───── TASK INPUT
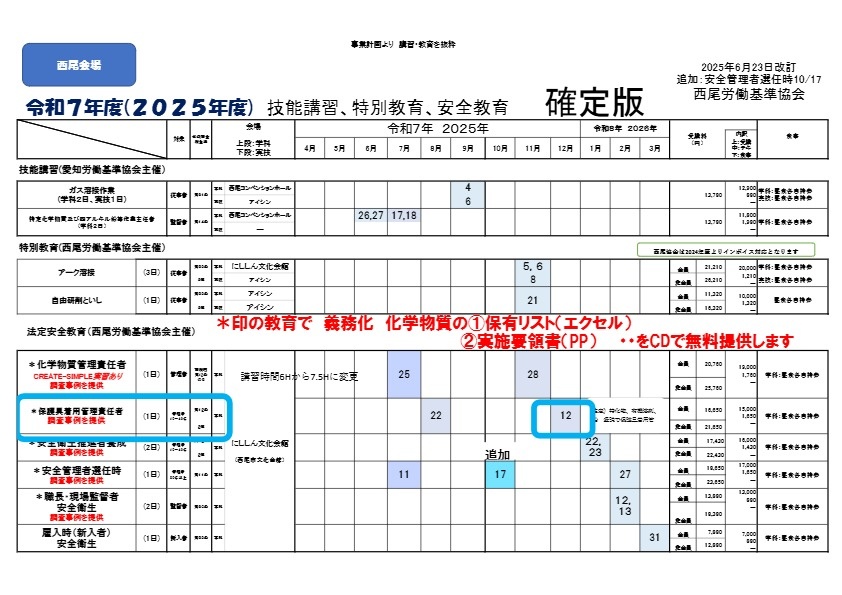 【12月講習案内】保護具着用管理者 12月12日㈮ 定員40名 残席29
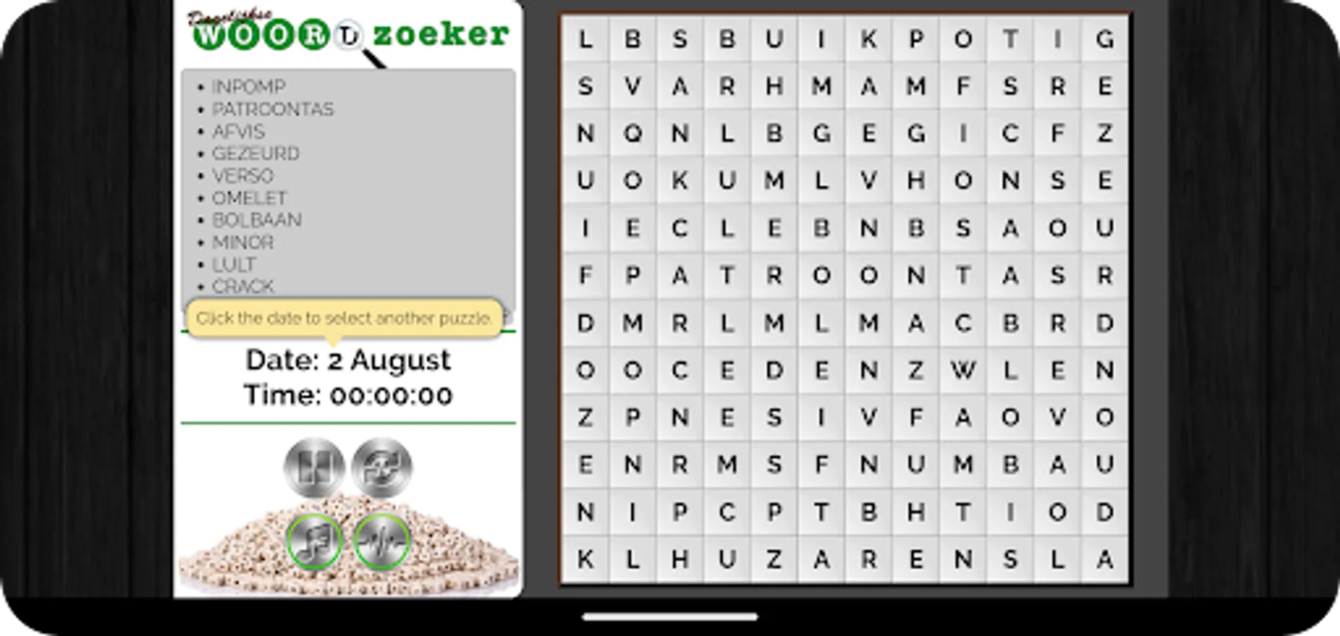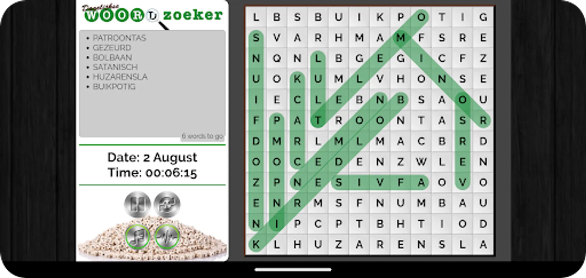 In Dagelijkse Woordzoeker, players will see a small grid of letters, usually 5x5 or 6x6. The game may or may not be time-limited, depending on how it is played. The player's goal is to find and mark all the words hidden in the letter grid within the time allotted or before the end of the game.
──────────
───── TASK INPUT
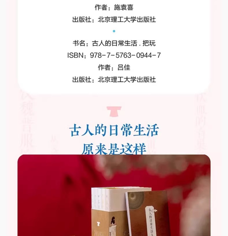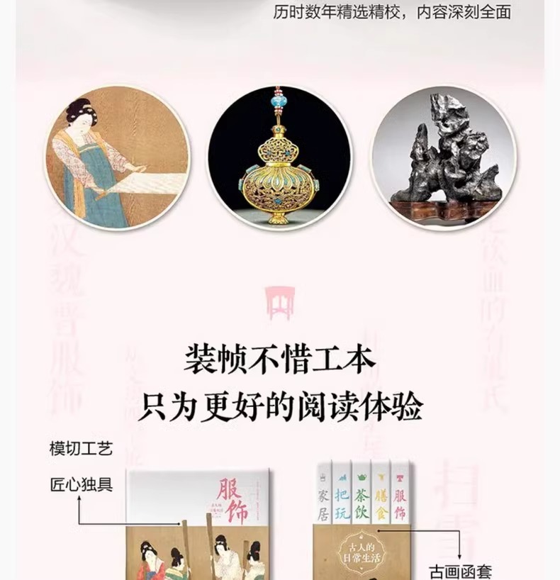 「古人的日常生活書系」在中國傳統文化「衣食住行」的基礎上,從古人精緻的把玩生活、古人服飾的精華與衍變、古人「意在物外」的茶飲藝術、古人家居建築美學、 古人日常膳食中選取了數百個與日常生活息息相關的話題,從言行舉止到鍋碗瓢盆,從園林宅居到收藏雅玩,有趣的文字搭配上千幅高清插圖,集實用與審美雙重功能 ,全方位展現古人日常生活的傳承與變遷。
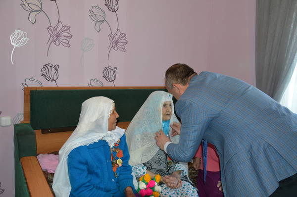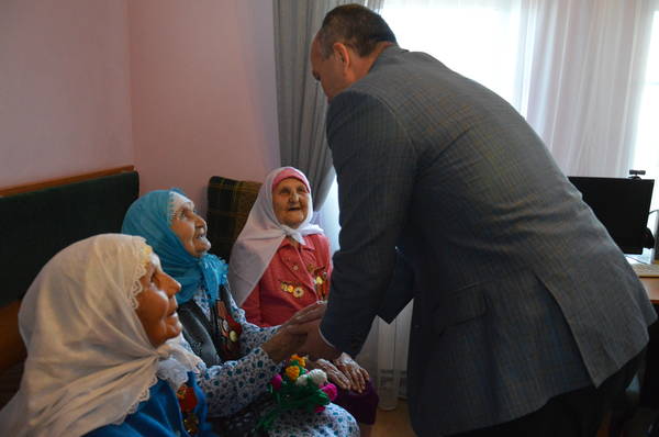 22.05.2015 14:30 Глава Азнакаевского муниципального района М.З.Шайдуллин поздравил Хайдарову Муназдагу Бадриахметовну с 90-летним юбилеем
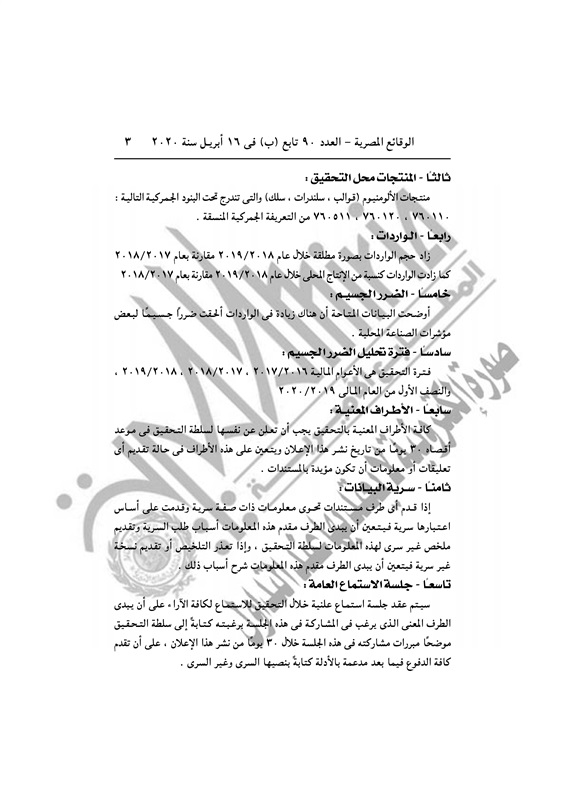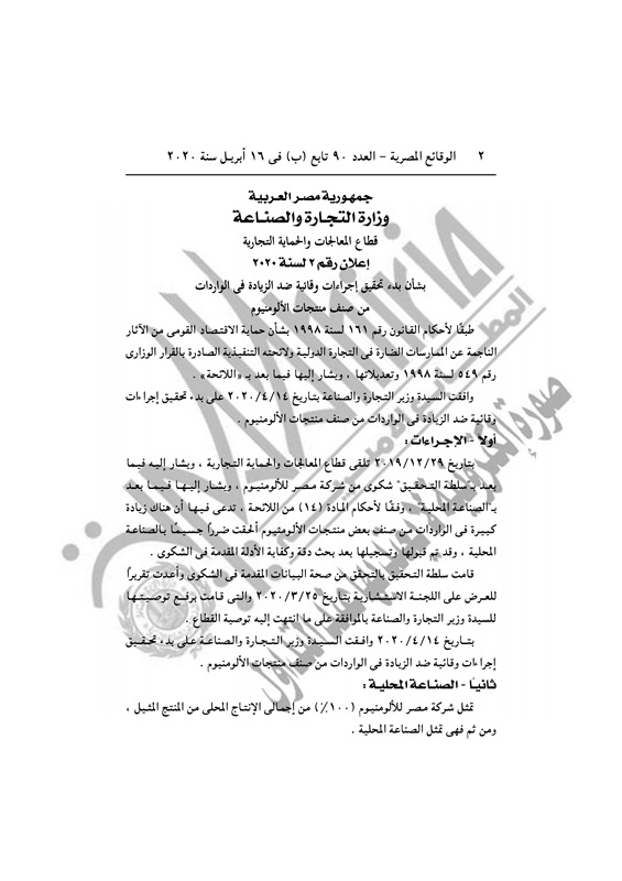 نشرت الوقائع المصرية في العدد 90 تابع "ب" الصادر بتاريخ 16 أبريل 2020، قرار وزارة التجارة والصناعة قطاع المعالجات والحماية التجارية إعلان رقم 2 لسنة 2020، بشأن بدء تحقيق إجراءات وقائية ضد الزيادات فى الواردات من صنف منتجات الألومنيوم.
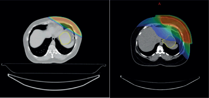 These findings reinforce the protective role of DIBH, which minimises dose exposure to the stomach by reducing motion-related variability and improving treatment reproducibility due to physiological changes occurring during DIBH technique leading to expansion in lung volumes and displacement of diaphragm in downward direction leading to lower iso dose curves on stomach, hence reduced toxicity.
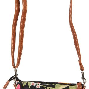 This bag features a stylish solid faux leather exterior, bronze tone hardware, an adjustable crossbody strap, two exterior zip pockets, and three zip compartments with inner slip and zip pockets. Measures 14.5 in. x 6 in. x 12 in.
──────────
───── TASK INPUT
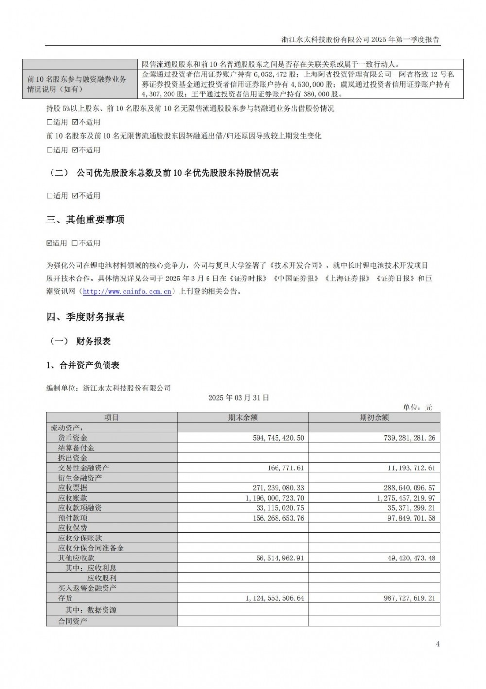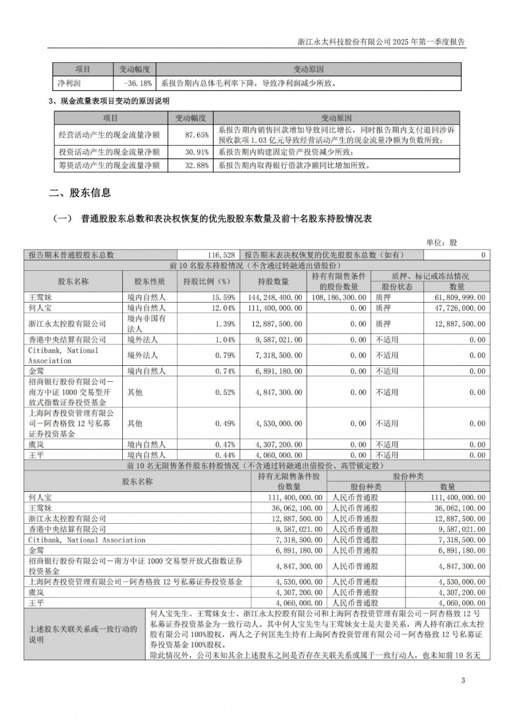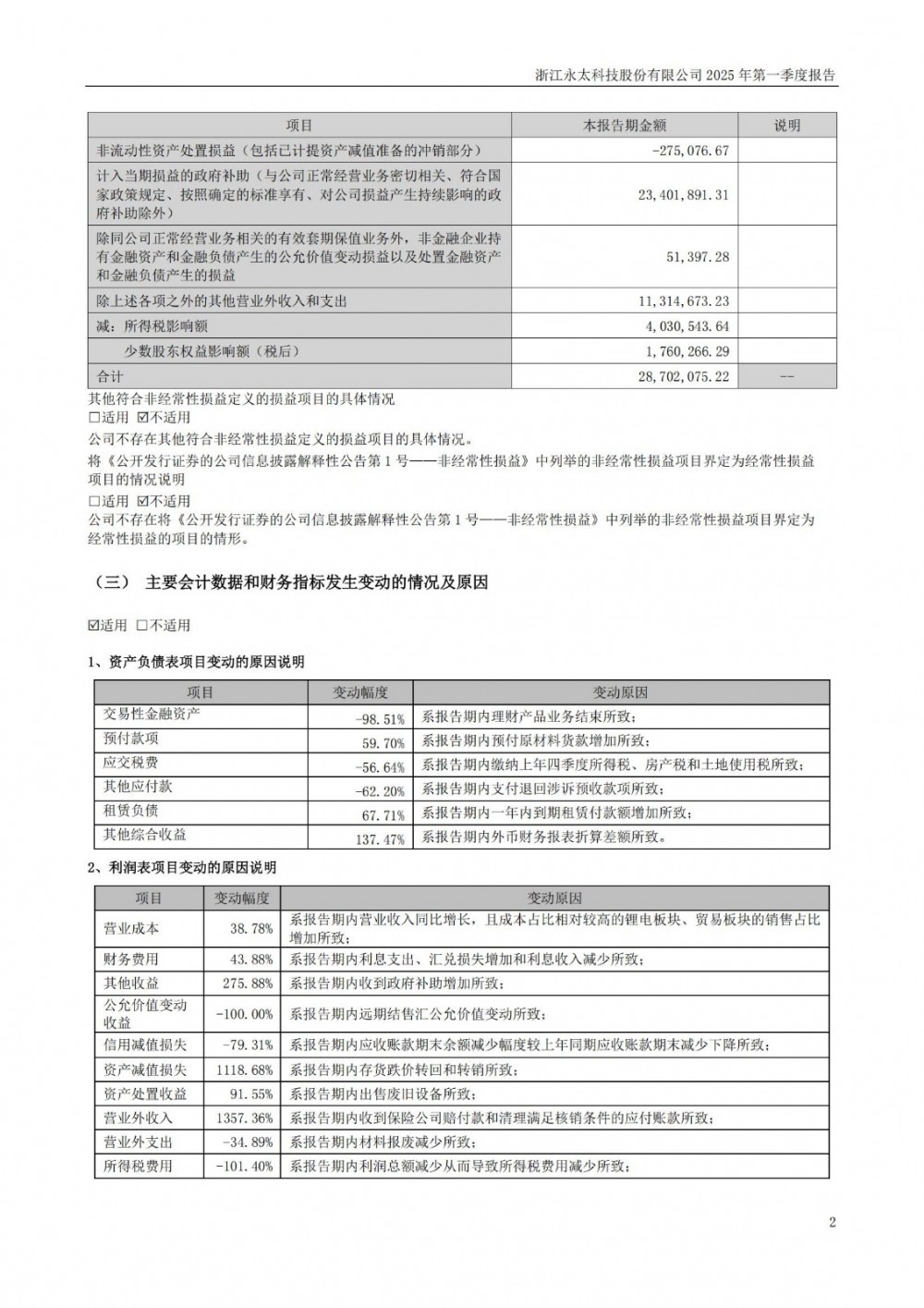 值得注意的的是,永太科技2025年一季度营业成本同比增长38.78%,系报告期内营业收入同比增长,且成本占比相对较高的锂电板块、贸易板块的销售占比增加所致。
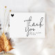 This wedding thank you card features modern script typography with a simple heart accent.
──────────
WORK INSTRUCTION » The expected output is the lines above from the one containing "12月12日㈮ 定員40名 残席29" to the one containing "In Dagelijkse Woordzoeker, players", both ends included, reproduced exactly with every picture left out.

SOLUTION TO THIS TASK »
 【12月講習案内】保護具着用管理者 12月12日㈮ 定員40名 残席29
 In Dagelijkse Woordzoeker, players will see a small grid of letters, usually 5x5 or 6x6. The game may or may not be time-limited, depending on how it is played. The player's goal is to find and mark all the words hidden in the letter grid within the time allotted or before the end of the game.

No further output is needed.